2024 RHEST Projects
In Summer 2024, RHEST will offer 7 REU projects.
Project 1: Robust Deep-learning-based Side-Channel Attacks
Project 2: Firmware Reverse Engineering for Trojan Detection on FPGAs
Project 3: Detecting Vulnerabilities against Fault Injection Attacks
Project 4: Synthetic and Natural Benchmarks for Hardware Security and Trust
Project 5: Adversarial Examples in Machine-Learning Malware Detection
Project 6: Detection of Accelerated Aging Attacks on Integrated Circuits Using On-Chip Neuromorphic Computing
Project 7: Machine-Learning Functoin Boundary Detection over Stripped Binaries
The description of each project is listed below. Each project will require 1~2 students. Each applicant will need to indicate the top-3 research projects he/she is interested in the application.
Project 1: Robust Deep-learning-based Side-Channel Attacks
Project Advisors: Drs. Boyang Wang and John M Emmert
Background. A side-channel attack can infer the secret key on a device (e.g., a microcontroller) by analyzing power consumption or electromagnetic emission when the device runs encryption algorithms, such as Advanced Standard Encryption. While countermeasures (e.g., random delays, hiding, and masking) have been proposed to defend against traditional side-channel attacks, including Differential Power Analysis and Correlation Power Analysis, recent deep-learning-based side-channel attacks can defeat these existing countermeasures. Despite the promising results reported in recent studies, deep-learning-based side-channel attacks are not robust as they are sensitive to discrepancy between training data and test data due to different attack setups in the real world. For instance, a deep neural network trained by power traces generated by one defense (e.g., random delays) does not derive high accuracy in recovering a secret key when test power traces are produced by a different defense (e.g., masking).
Project Goal. The goal of this project is to build a deep neural network that is robust (i.e., achieving high accuracy) when training data and test data are significantly different. The students will (1) examine multiple deep neural network models, e.g., Convolutional Neural Networks and Recursive Neural Networks, in side-channel attacks and experimentally compare which neural network is more robust over different datasets; (2) leverage data augmentation methods to produce additional synthetic training data to mitigate the discrepancy between training data and test data.
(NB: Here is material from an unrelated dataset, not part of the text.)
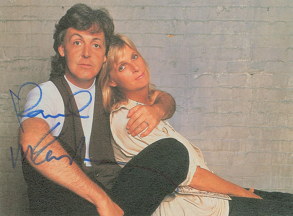 Color 6 x 4.25 MPL postcard photo of Paul and Linda McCartney, signed in blue felt tip by Paul. In fine condition, with a bit of light contrast to portion of last name of signature. Accompanied by a certificate of authenticity from Tracks.

Project 2: Firmware Reverse Engineering for Trojan Detection on FPGAs
Project Advisors: Dr. John M Emmert
Background. The designs of commercial Field Programmable Gate Arrays (FPGAs) often include third-party intellectual properties (IPs). These third-party IPs can be in the form of hard coded and obfuscated modules that are inserted into primary product code or firmware. It is possible for untrusted agents/entities to compromise the integrity of third-party IPs without end users’ knowledge by adding Trojan circuits. The hidden Trojan circuits can be utilized to leak sensitive information, degrade the capability of the application running on an FPGA, or turn off the application running on an FPGA.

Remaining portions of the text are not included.